I am working on a linux system with mem 250G. Currently another program is running which takes mem less than 20GB.
If I try to load a vcf file (<16GB) with readVcf function in VariantAnnotation package, I get error message:
> germ.mut = readVcf("/home/kong/Haiying/Projects/PrimaryMelanoma/AllBatches/Lock/GermlineMutation/GermlineMutations.vcf", "hg19") Error: scanVcf: (internal) _vcftype_grow 'sz' < 0; cannot allocate memory? path: /home/kong/Haiying/Projects/PrimaryMelanoma/AllBatches/Lock/GermlineMutation/GermlineMutations.vcf
I tried gc() before running the line, and got the same error message.
I could follow the solution on: Error in reading 1000 genomes data
But since I have so much memory, is there any way to just load whole vcf at once?
> sessionInfo() R version 3.3.3 (2017-03-06) Platform: x86_64-pc-linux-gnu (64-bit) Running under: openSUSE 13.1 (Bottle) (x86_64) locale: [1] LC_CTYPE=en_GB.UTF-8 LC_NUMERIC=C [3] LC_TIME=en_GB.UTF-8 LC_COLLATE=en_GB.UTF-8 [5] LC_MONETARY=en_GB.UTF-8 LC_MESSAGES=en_GB.UTF-8 [7] LC_PAPER=en_GB.UTF-8 LC_NAME=en_GB.UTF-8 [9] LC_ADDRESS=en_GB.UTF-8 LC_TELEPHONE=en_GB.UTF-8 [11] LC_MEASUREMENT=en_GB.UTF-8 LC_IDENTIFICATION=en_GB.UTF-8 attached base packages: [1] stats4 parallel stats graphics grDevices utils datasets [8] methods base other attached packages: [1] cgdv17_0.12.0 VariantAnnotation_1.20.3 [3] Rsamtools_1.26.2 Biostrings_2.42.1 [5] XVector_0.14.1 SummarizedExperiment_1.4.0 [7] Biobase_2.34.0 GenomicRanges_1.26.4 [9] GenomeInfoDb_1.10.3 IRanges_2.8.2 [11] S4Vectors_0.12.2 BiocGenerics_0.20.0 [13] BiocInstaller_1.24.0 xlsx_0.5.7 [15] xlsxjars_0.6.1 rJava_0.9-8 loaded via a namespace (and not attached): [1] Rcpp_0.12.10 AnnotationDbi_1.36.2 GenomicAlignments_1.10.1 [4] zlibbioc_1.20.0 BiocParallel_1.8.2 BSgenome_1.42.0 [7] lattice_0.20-35 tools_3.3.3 grid_3.3.3 [10] DBI_0.6-1 digest_0.6.12 Matrix_1.2-8 [13] rtracklayer_1.34.2 bitops_1.0-6 biomaRt_2.30.0 [16] RCurl_1.95-4.8 memoise_1.1.0 RSQLite_1.1-2 [19] GenomicFeatures_1.26.4 XML_3.98-1.6
Thank you very much for your reply.
How is it decided "the data are still too large"? I should have more than 200GB mem, and the vcf file I am trying to load is less than 16GB.
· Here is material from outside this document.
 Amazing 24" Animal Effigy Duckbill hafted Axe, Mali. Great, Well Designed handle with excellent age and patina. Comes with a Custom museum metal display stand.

By 'still to large' I meant that you receive the same error about memory allocation.
When I look at the code, it seems like the error message could be moderately misleading. The error occurs if one of the components of the VCF file (e.g., the GT field) the product of the dimensions of the resulting matrix were larger than the maximum integer size (about 2.14 billion). With 1000 samples and a field taking on three values per sample, the maximum number of variants would be about 715,000 (2.14 billion / 1000 / 3). Making the code work with much larger data sets isn't a priority for me -- process it in chunks to manage memory, allow other processes and users to access the computer's resources, and facilitate parallel evaluation.
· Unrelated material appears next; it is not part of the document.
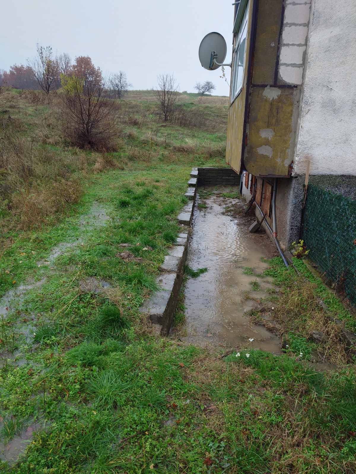 В следствие на обилни валежи и сградата се наводнява системно от наклоненият терен зад входа на сградата, който е общинска собственост и няма никаква отвеждаща водата инфраструктура.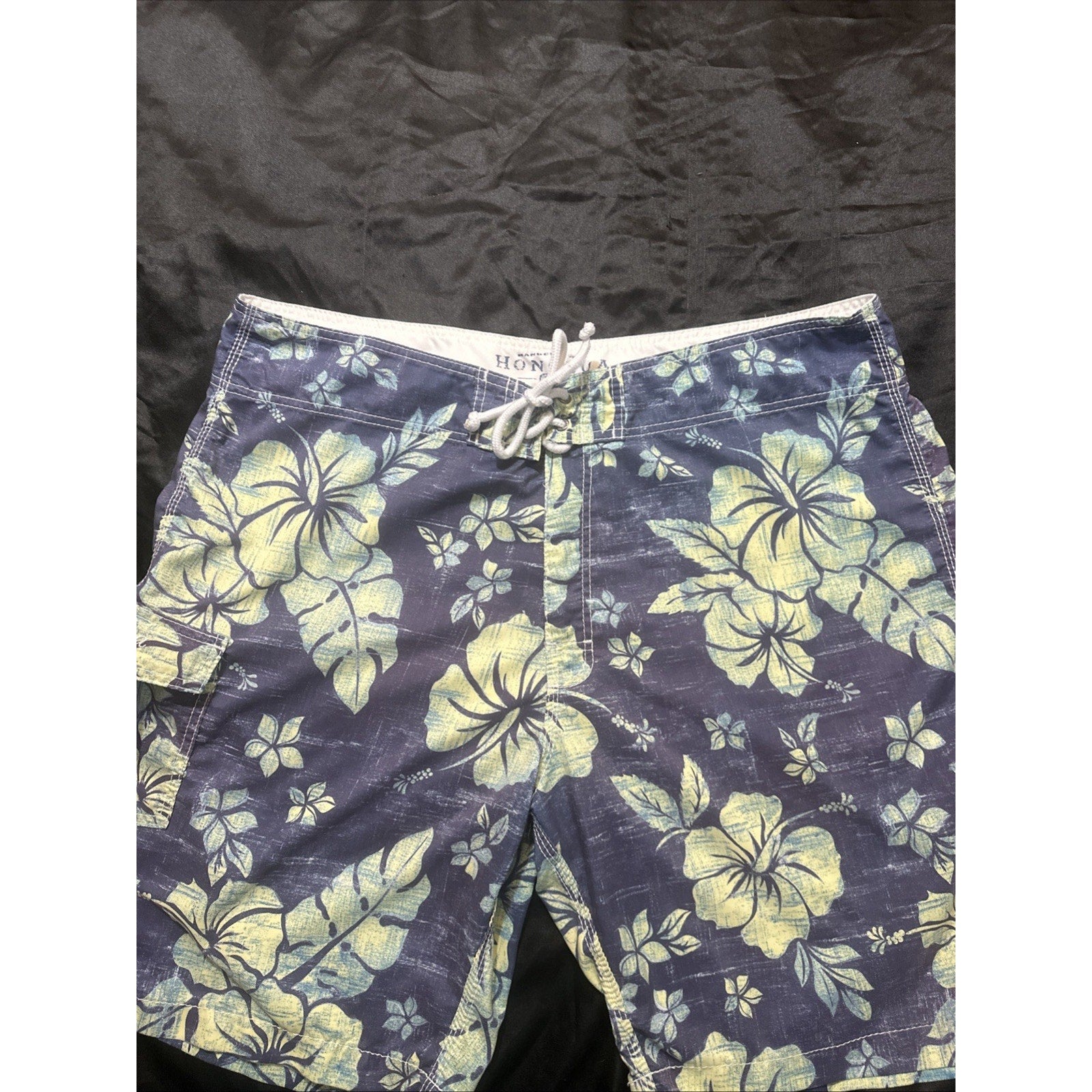 Honolulu Board Shorts Mens Size 42 Hibiscus Yellow/Blue Pockets 1D10

There are a number of additional possibilities. Remember that a VCF file is text file, but one operates in R on different data types, so the character value '1' in a VCF file is a single byte, but represented by a double in R so take up 8 bytes. Depending on memory allocation patterns, memory available to the operating system may become fragmented, so that while there are many more than x bytes available, contiguous blocks are all less than the amount required. Etc.
Thank you very much for the explanation.